__SOURCE DATA__.
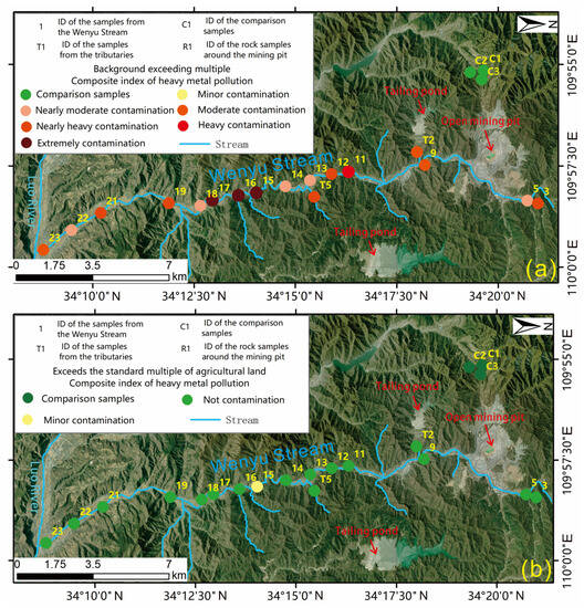 The evaluation maps of comprehensive index of heavy metal pollution. (a) Background exceeding multiple composite index of heavy metal pollution; (b) Exceeds the standard multiple of agricultural land composite index of heavy metal pollution.
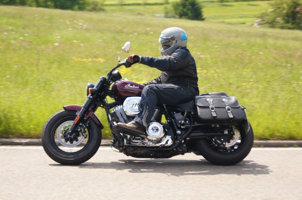 Und genau das ist es im Grunde genommen auch, was dem Häuptling unter mir seine beiden Seelen verleiht. Denn er kann, wenn er will, ist zum einen mit seinen Satteltaschen und einer Rolle auf dem Heck der perfekte Tourenbegleiter. Auf der anderen Seite ist da dieser nennen wir es einmal, krasse Sport Modus und das straffe Fahrwerk, welche die Indian mit etwas Fantasie zum Wild-Horse-Bobber machen, mit dem man am liebsten am nächsten Drag-Race teilnehmen möchte. Diese Kombination aus Engel und Teufel ergibt eine Komposition, die ich zu Beginn des Testes noch nicht begriffen hatte, da mir Vieles erst einmal, verglichen mit anderen Maschinen dieser Gattung merkwürdig vorkam. Die Chief funktioniert aber anders und ich finde das sehr gut so.
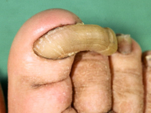 ![]() Onychogryposis (lange kromme nagels) Bij onychogryposis zijn de nagels te lang en totaal krom uitgegroeid, soms in krullen. De nagels zijn ook te dik (hyperkeratotisch) en niet meer te knippen daardoor. Zie verder onder onychogryposis. |

__YOUR INSTRUCTIONS__. Please print the line that contains "Und genau das" along with every later line of the material, exactly, through the last one. Leave pictures out of the copy.

__EXERCISE RESPONSE__.
 Und genau das ist es im Grunde genommen auch, was dem Häuptling unter mir seine beiden Seelen verleiht. Denn er kann, wenn er will, ist zum einen mit seinen Satteltaschen und einer Rolle auf dem Heck der perfekte Tourenbegleiter. Auf der anderen Seite ist da dieser nennen wir es einmal, krasse Sport Modus und das straffe Fahrwerk, welche die Indian mit etwas Fantasie zum Wild-Horse-Bobber machen, mit dem man am liebsten am nächsten Drag-Race teilnehmen möchte. Diese Kombination aus Engel und Teufel ergibt eine Komposition, die ich zu Beginn des Testes noch nicht begriffen hatte, da mir Vieles erst einmal, verglichen mit anderen Maschinen dieser Gattung merkwürdig vorkam. Die Chief funktioniert aber anders und ich finde das sehr gut so.
 ![]() Onychogryposis (lange kromme nagels) Bij onychogryposis zijn de nagels te lang en totaal krom uitgegroeid, soms in krullen. De nagels zijn ook te dik (hyperkeratotisch) en niet meer te knippen daardoor. Zie verder onder onychogryposis. |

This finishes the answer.